The screenshots below are represented as simplified SVG schematics so the pair/trio semantics remain readable in the documentation PDF as well.

OSM trio matched to 2 ATLAS stops

OSM trio matched to two ATLAS stops

The trio's two side nodes are the only true pipeline matches. The middle stop_position remains unmatched during predicate execution, then becomes effectively_matched during import so it can be rendered on the map with dashed green OSM-OSM links to both sides.

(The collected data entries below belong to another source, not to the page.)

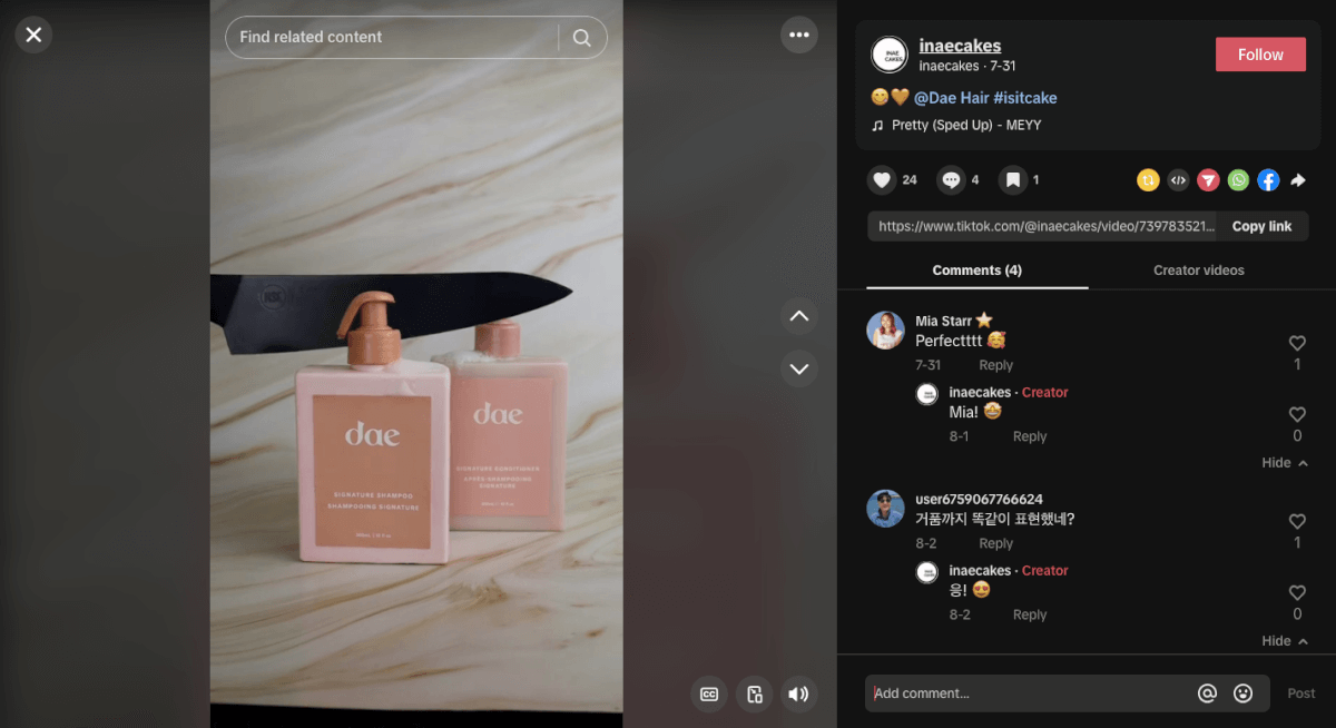 Du kannst Influencer-Marketing nutzen, um die Markenbekanntheit zu steigern, wie es die Haarpflegemarke Dae in einer Kampagne mit der TikTok-Creatorin inaecakes gemacht hat: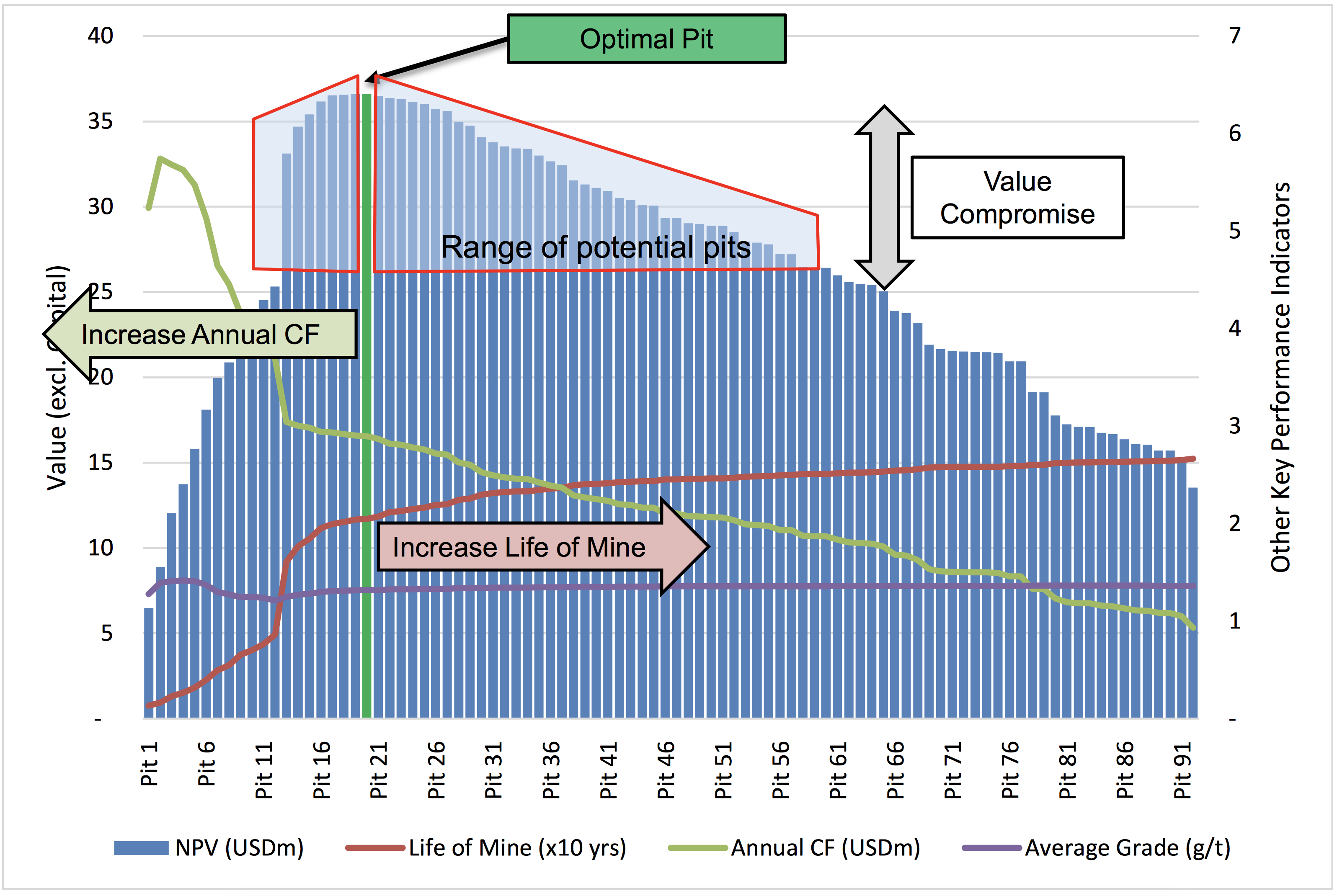 - Pit optimisation is a iterative process further future analysis after the initial pit optimisations can add strategic gain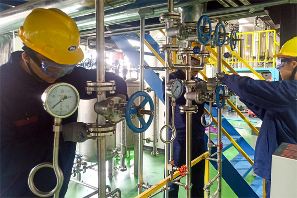 5月7日,学院化学工程系刘洪宇老师和吴春丽老师带领17级中德化工班学生维修燃料油常压蒸馏装置的漏液问题——更换密封垫片。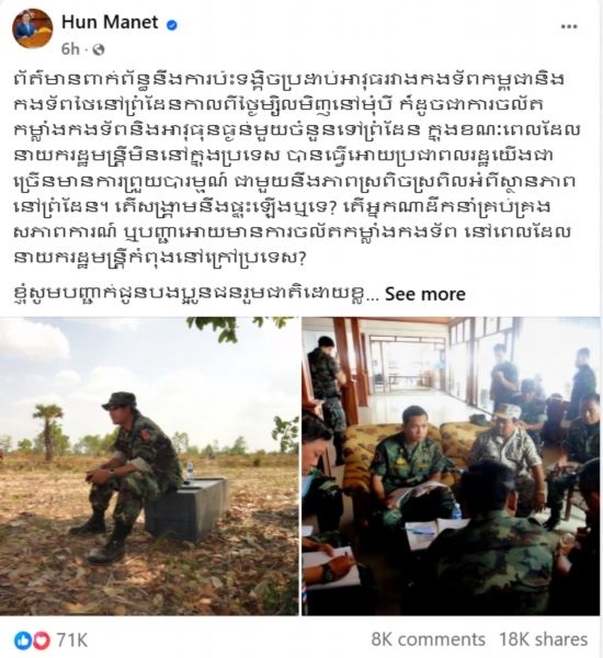 洪瑪奈在社交媒體上發(fā)文說,“我希望柬泰兩國陸軍高層今天的會談能夠取得積極成果,一如既往地保持雙方前線部隊間的和平與良好溝通”。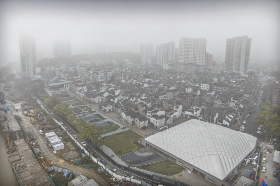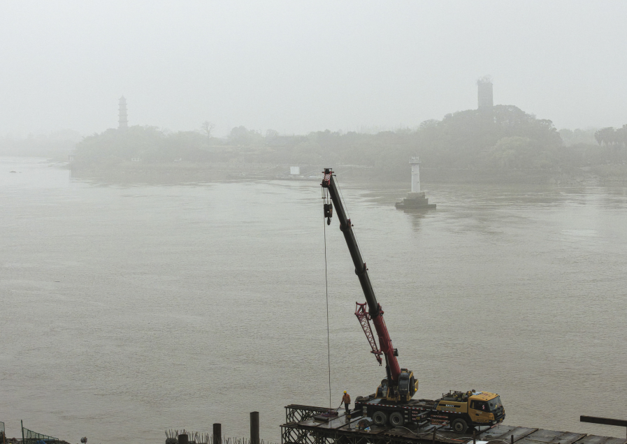 工人在朔门古港遗址处施工,远处的江心屿在大雾中若隐若现。摄影: 苏巧将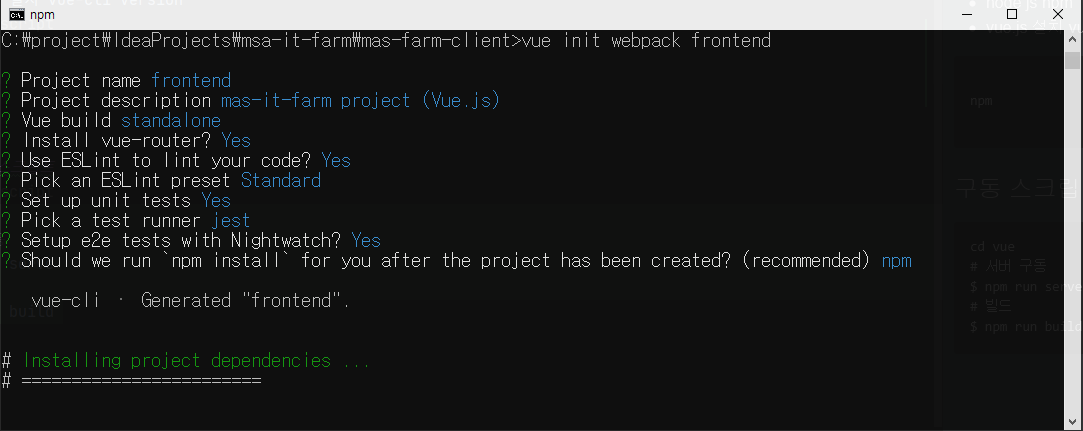 vue init webpack frontend 실행시 몇가지 설정을 물어본다.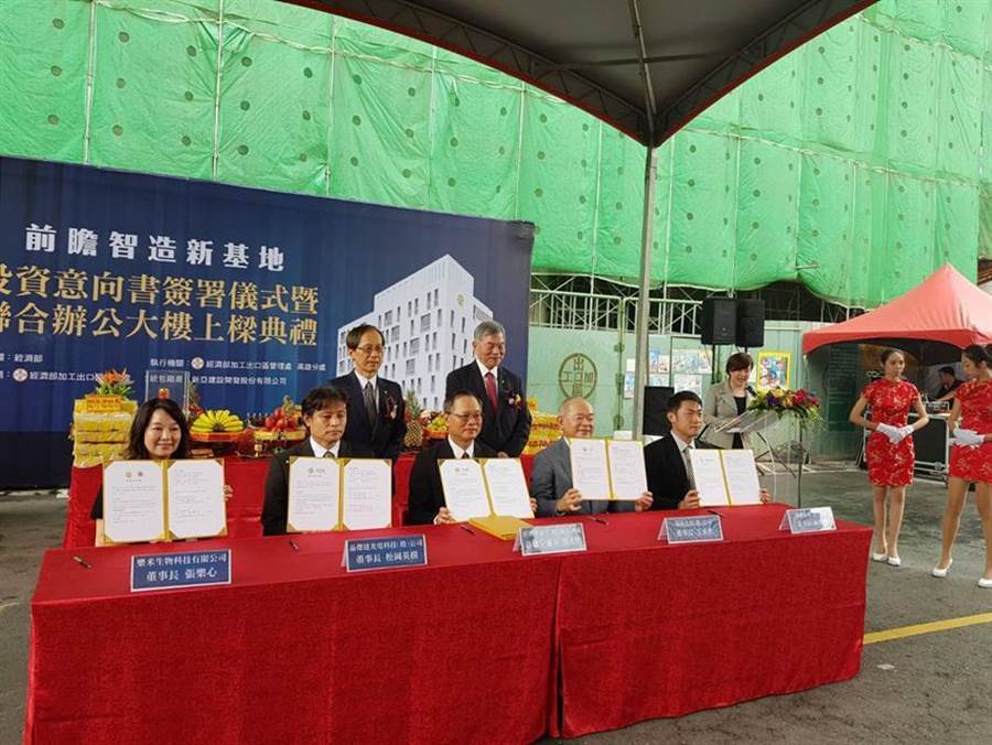 經濟部長沈榮津今日至高雄加工區,主持「前瞻智造中心-投資意向書簽署儀式暨聯合辦公大樓上梁典禮」,樂業集團張董事長親至園區簽署投資意向書,正式簽署預約進駐,標準廠房預計於110年8月完工,期望以嶄新智慧綠能環境及高科技尖端設備,研發製造更高端之醫療器材,造福更多民眾。
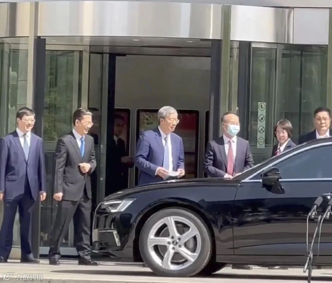 9时30分前后,国务院副总理何立峰、中国人民银行行长易纲、中国人民银行党委书记郭树清、证监会主席易会满等先后乘车到达茂鑫大厦南楼。国家金融监督管理总局党委书记李云泽、银保监会副主席丛林等在门口迎接。
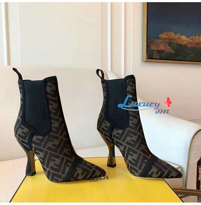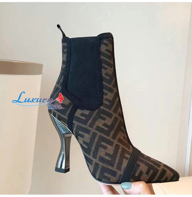 FENDI-8T7009 펜디 블랙/브라운 FF 모티프 메시 앵클 부츠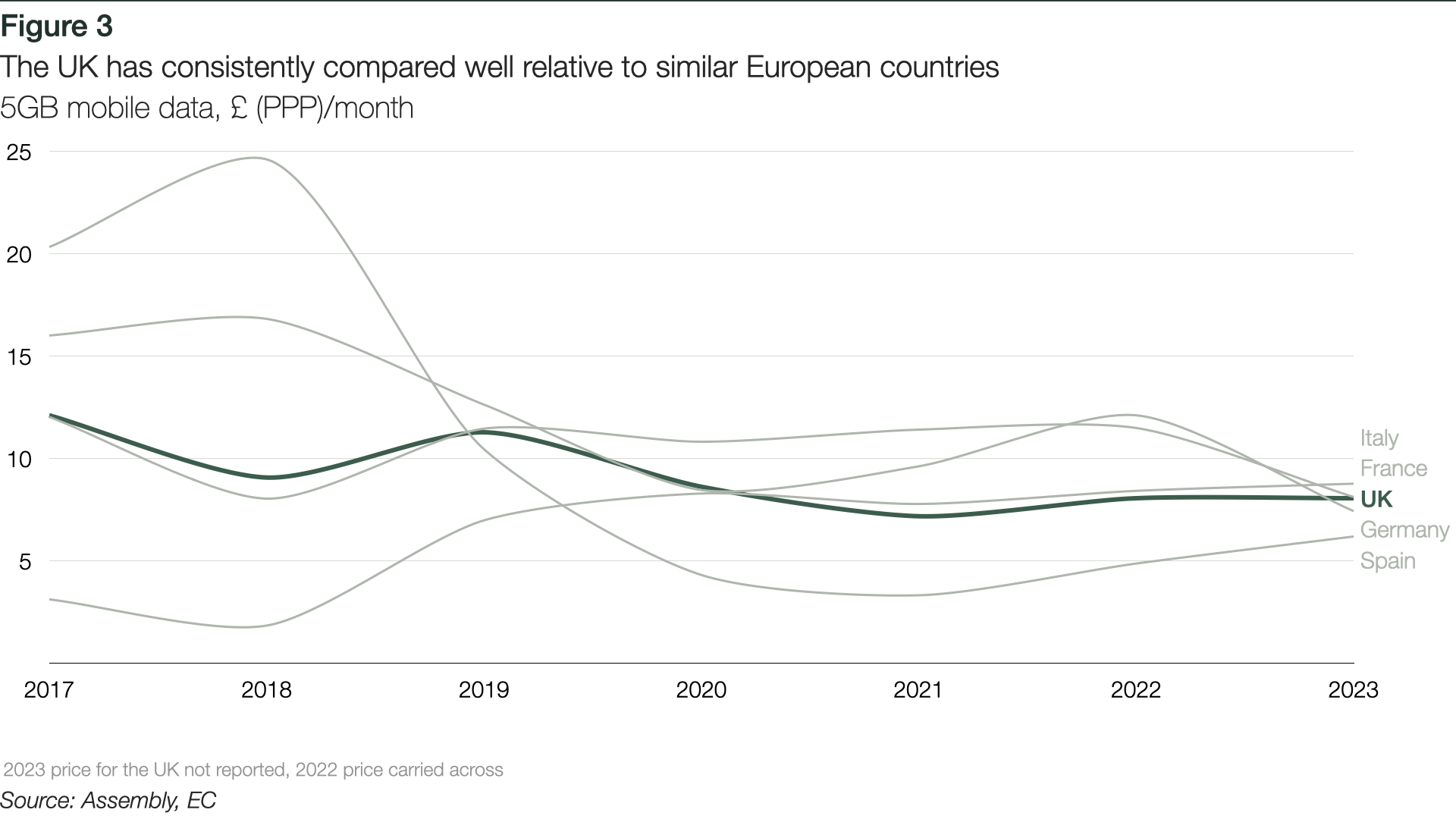 Mobile prices in the UK continue to compare well to other leading European countries

OSM pair matched to 1 ATLAS stop

OSM pair matched to one ATLAS stop

For a pair, the representative node matches first and ctx.commit() propagates that result to the sibling as osm_group_propagation. On the map this reads as two blue ATLAS-OSM links plus one dashed green OSM-OSM pair link.

Important details:

  1. Grouping uses reciprocal nearest-neighbour checks, not just raw proximity.
  2. Trios are only registered when both side nodes are within 15 m of the middle stop_position; otherwise those nodes stay available for the later pair grouping paths.
  3. For perfect-count anchors (left_count == right_count == atlas_effective_count), grouping first tries reciprocal conflict-free pairing within 15 m and bypasses ratio checks.
  4. atlas_effective_count is computed per UIC by counting only ATLAS rows whose nearest same-UIC OSM node is within 30 m.
  5. The strict/relaxed fallback path still uses the original (unfiltered) atlas_count.
  6. If the perfect-count branch does not apply or cannot produce a full 1:1 pairing, it tries a 1.5 ratio threshold and accepts those pairs only when grouped + ungrouped OSM entities exactly match the ATLAS count for that anchor.
  7. If the strict complete-count check fails, it retries with 2.0 and accepts reciprocal pairs it finds as an incomplete group set.
  8. In ratio-based paths, the ratio test compares the nearest candidate (which must be within 12 m) against the true second-nearest candidate, even if that second candidate is beyond 12 m. If no second candidate exists at all, the ratio test does not reject the pair.
  9. The same perfect-count-first then strict-vs-incomplete policy applies to UIC, name, and tram pairing paths.

After grouping, lookup methods such as get_by_uic(), get_by_name(), and batch_query_radius() return OsmEntity wrappers for representatives while hiding siblings.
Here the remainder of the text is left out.